Gambie : la balle est dans le camp d’Adama Barrow

Après avoir tourné la page de 22 ans de règne de Jammeh, Adama Barrow devra bientôt faire son entrée à Banjul. Un nouvelle ère politique qui s’annonce ardue pour le président qui vient d’annoncer sa volonté de dissoudre la police secrète de Jammeh et de mettre en place une commission d’enquête indépendante. Il n’empêche que Barrow sera obligé de composer avec les anciens du régime qui forment toujours l’ossature de l’Etat gambien pour assurer la transition et maintenir l’ordre public.
Amine Ater

2 mn

(Crédits : Reuters)

Dénouement pour la crise gambienne avec le départ de Yahya Jammeh vers la Guinée. Une étape qui sera suivie par celle de la Guinée équatoriale. Il aura fallu une pression internationale continue et surtout une incursion des forces de la CEDEAO en Gambie pour faire plier l'ex-président gambien. Lors des derniers jours de la crise politique, en plus de la médiation de la CEDEAO, les diplomaties marocaines, mauritaniennes et guinéennes se sont succédés au State House pour arracher un départ pacifique de Jammeh.

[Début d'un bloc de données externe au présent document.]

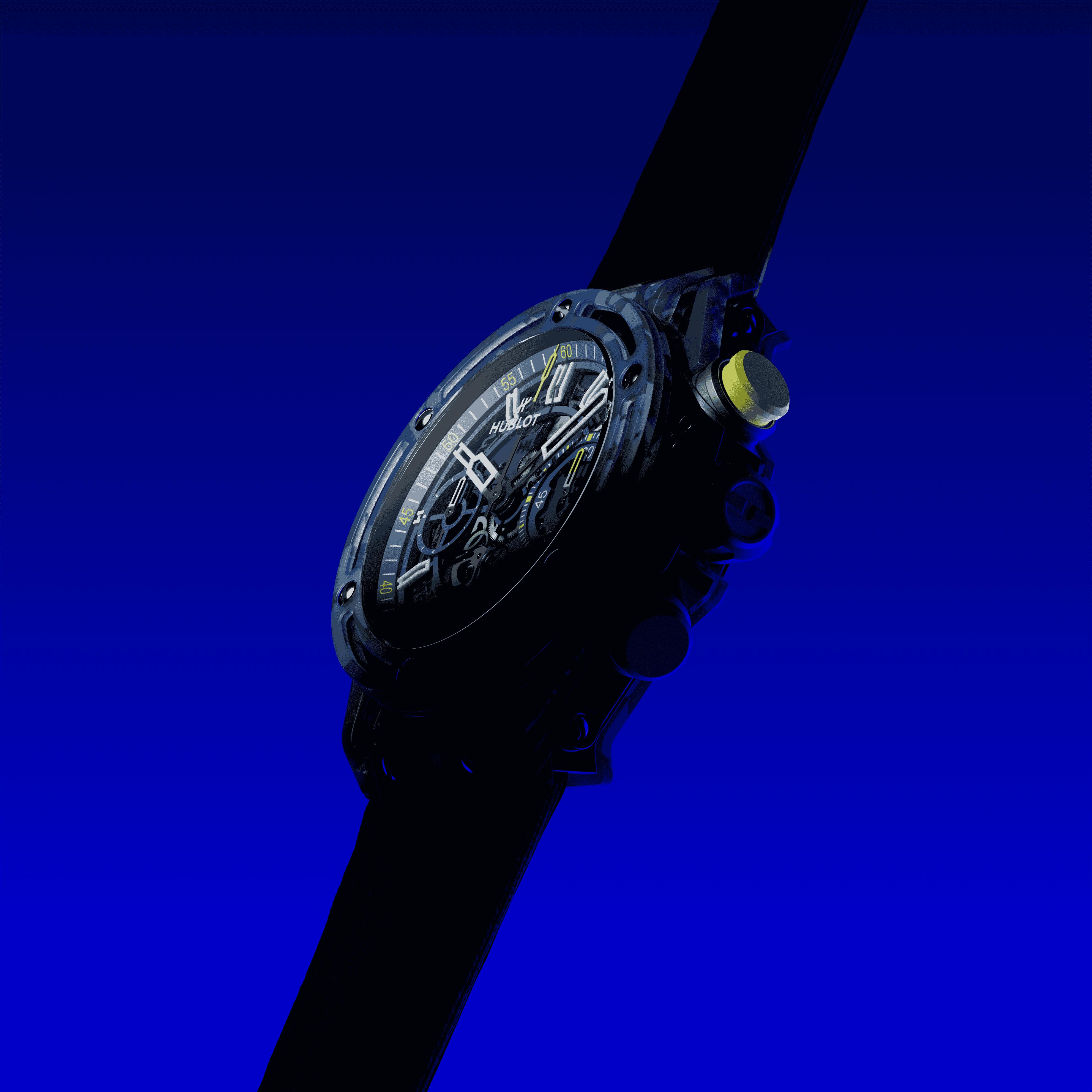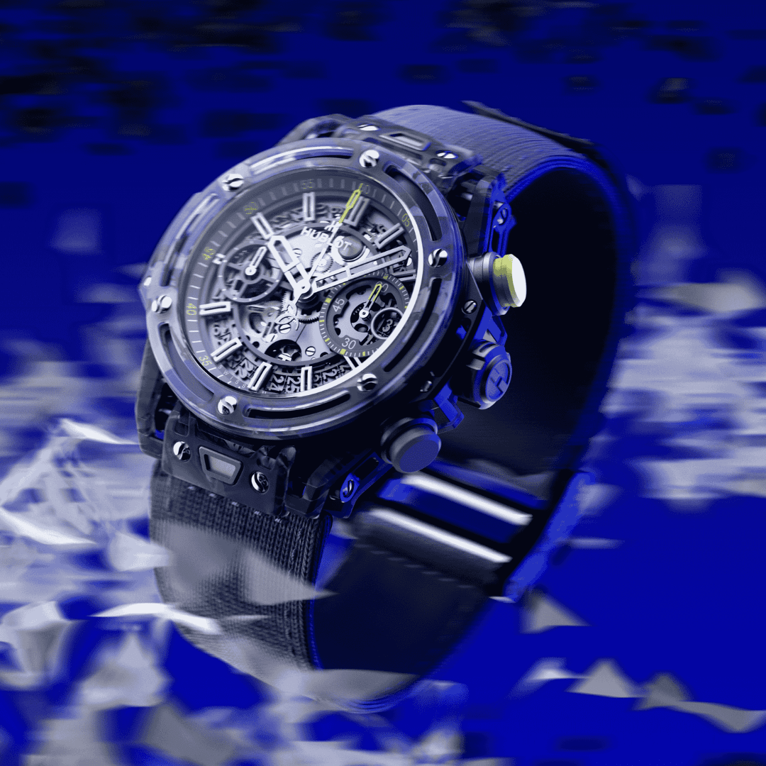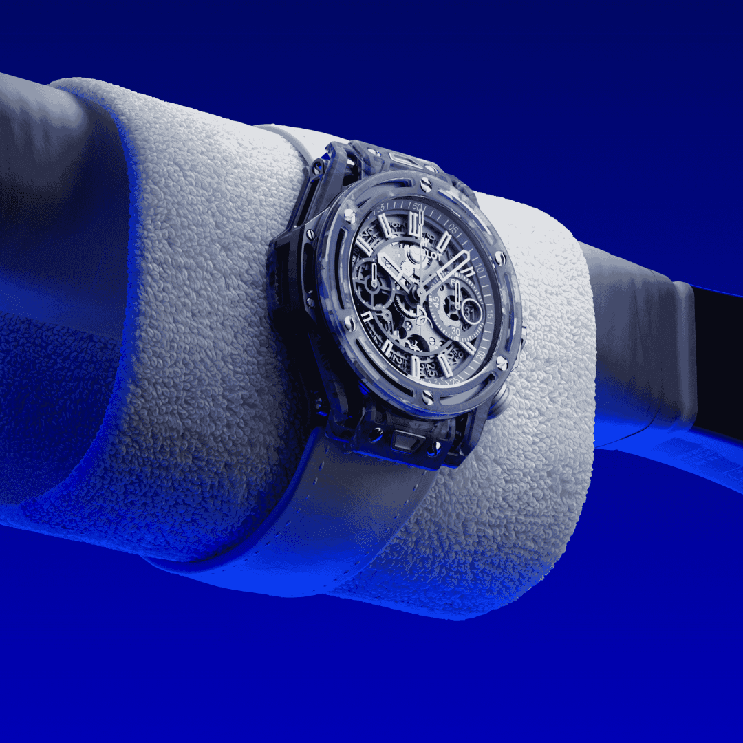 全新Big Bang Unico Novak Djokovic,錶徑42mm的天藍色啞光錶殼和錶圈,採用祖高域打破紀錄的2023賽季中,所使用的25支HEAD球拍及他身穿的32件藍色Lacoste Polo衫再生而成的複合材料,並結合環氧樹脂、石英粉和玻璃纖維,為腕錶帶來深淺不一的藍色迷彩紋理,獨特搶眼。

Il aura donc fallu de longs rounds de négociations menés par une équipe guinéo-mauritanienne conjugués au pressing militaire du contingent de la CEDEAO pour cette « exfiltration pacifique », se fasse. Une pression qui n'a pas empêché Jammeh d'imposer certaines conditions à son départ, notamment « sécuriser » un revenu pour lui et sa famille et une « immunité » pour lui et ses partisans.

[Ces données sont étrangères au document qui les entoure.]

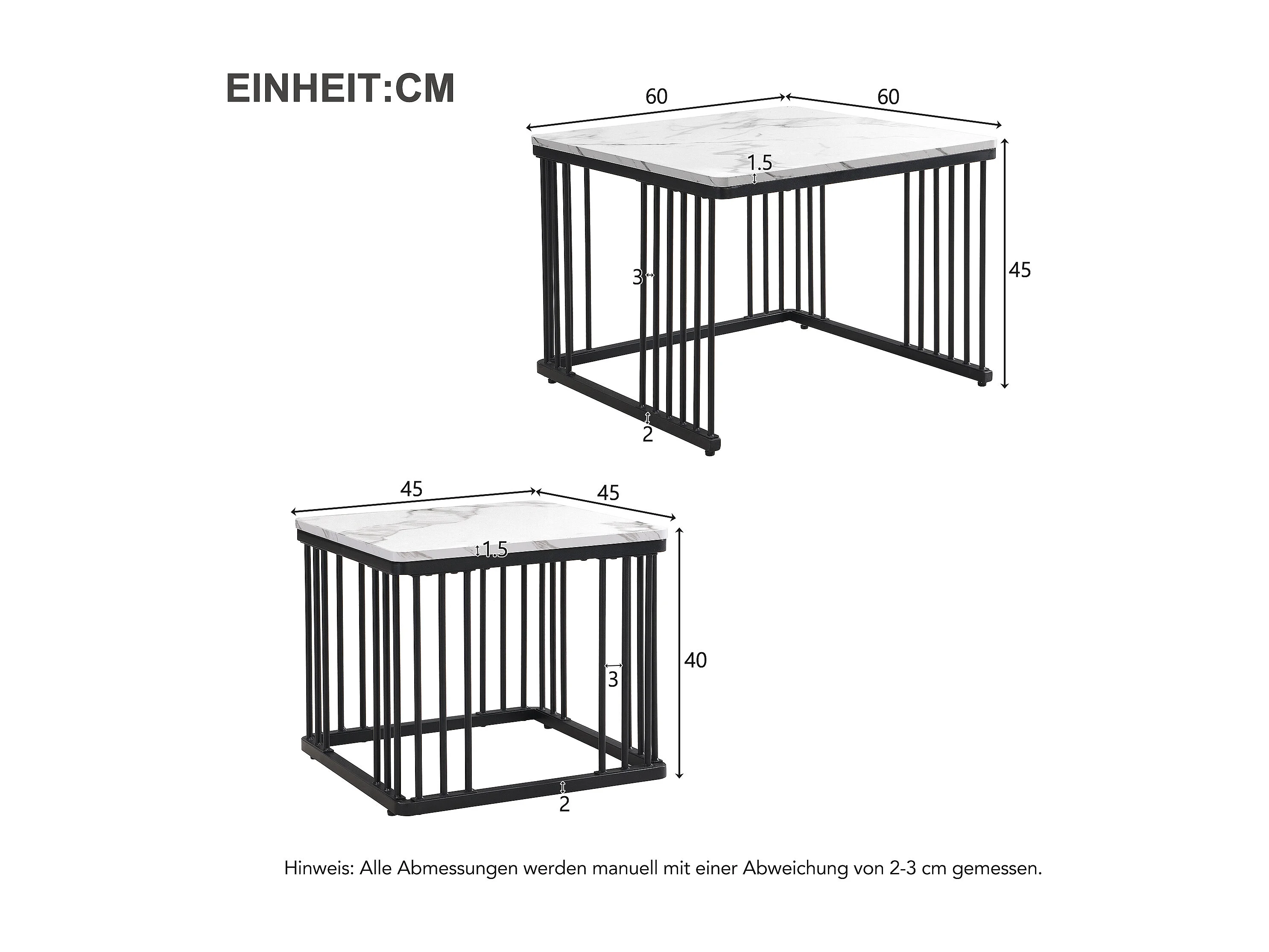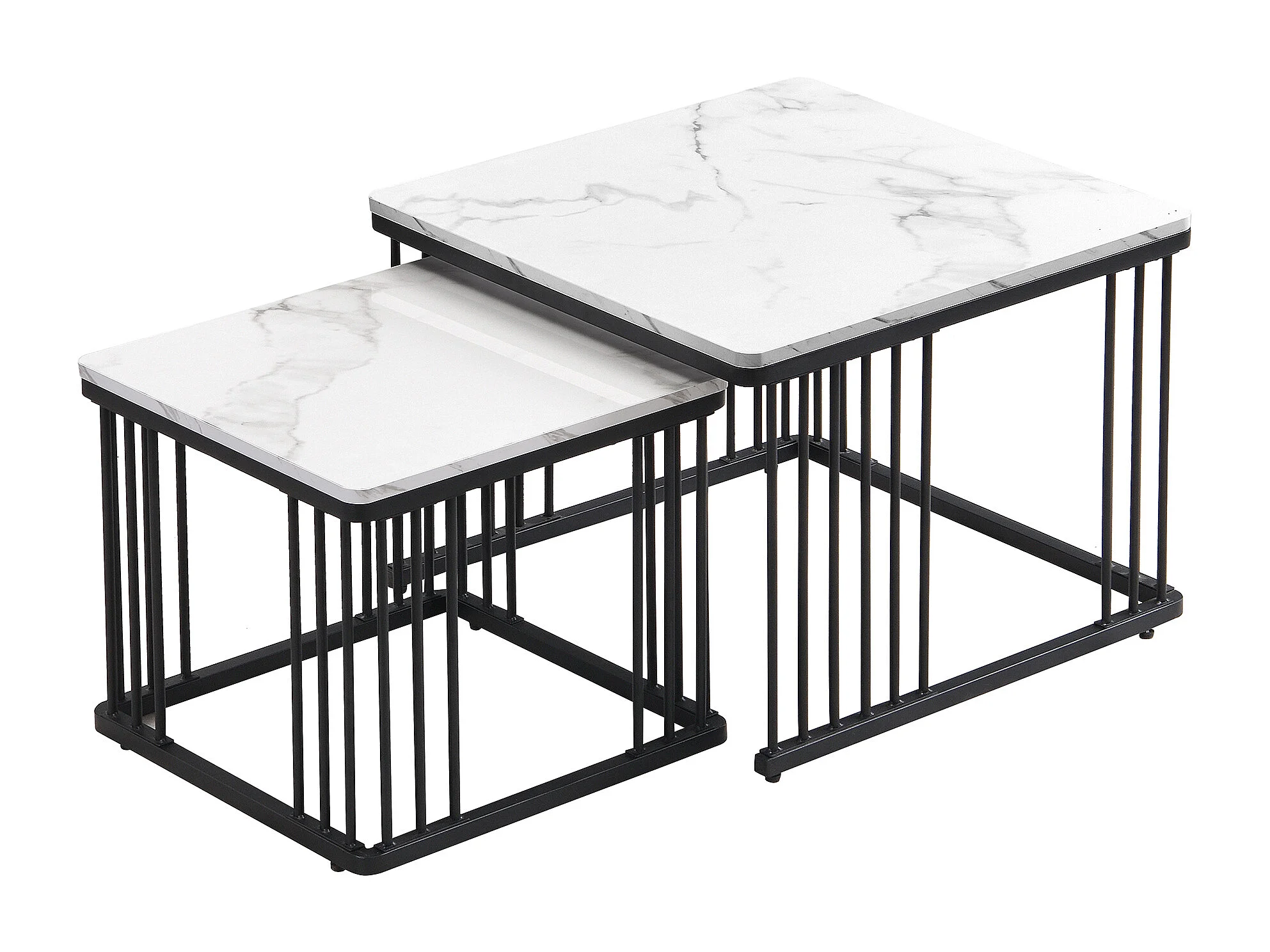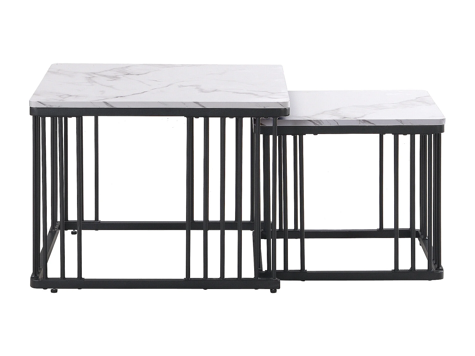 Table basse gigogne en placage effet marbre blanche- Pieds noirs

Des concessions qui ont débouché sur le départ de Jammeh, le samedi 21 janvier, de l'aéroport de Banjul à bord du jet du président guinéen Alpha Condé en direction de Conakry, première étape de son exil. Il n'empêche que Jammeh aura eu droit à une véritable cérémonie de départ avec l'hymne nationale interprétée par une fanfare et tapis rouge jusqu'à l'appareil sous les acclamations de ses partisans.

Que fera Barrow ?

Le nouveau président Adama Barrow et la CEDEAO, l'UA ou encore l'ONU se sont engagés à assurer la sécurité des partisans de l'ancien régime et qu'aucun de leur bien ne sera saisi. Reste à savoir comment le nouveau chef d'Etat réussira à réconcilier un pays qui compte encore de nombreux partisans de Jammeh, notamment dans les rangs des militaires et des forces de sécurité. Sachant que Barrow devra pâtir d'un « handicap » dû à une cérémonie d'investiture dans un pays étranger, bien qu'effectuée dans les locaux de l'ambassade gambienne (techniquement faisant partie du territoire).

C'est donc une nouvelle ère politique qui s'ouvre en Gambie après 22 ans de règne de Jammeh. Le nouveau locataire du State House devra relever plusieurs défis, notamment concilier avec les partisans de Jammeh qui contrôlent toujours les postes clés de l'Etat gambien, surtout après que ce dernier ait annoncé son intention de dissoudre la National Intelligence Agency (NIA). Barrow devra également éviter une chasse aux sorcières à l'encontre des partisans de l'ancien régime. En témoigne sa décision de créer une commission d'enquête qui devra se pencher sur les cas de violation de droits de l'homme, reste à savoir les mécanismes qui seront adoptées par cette structure.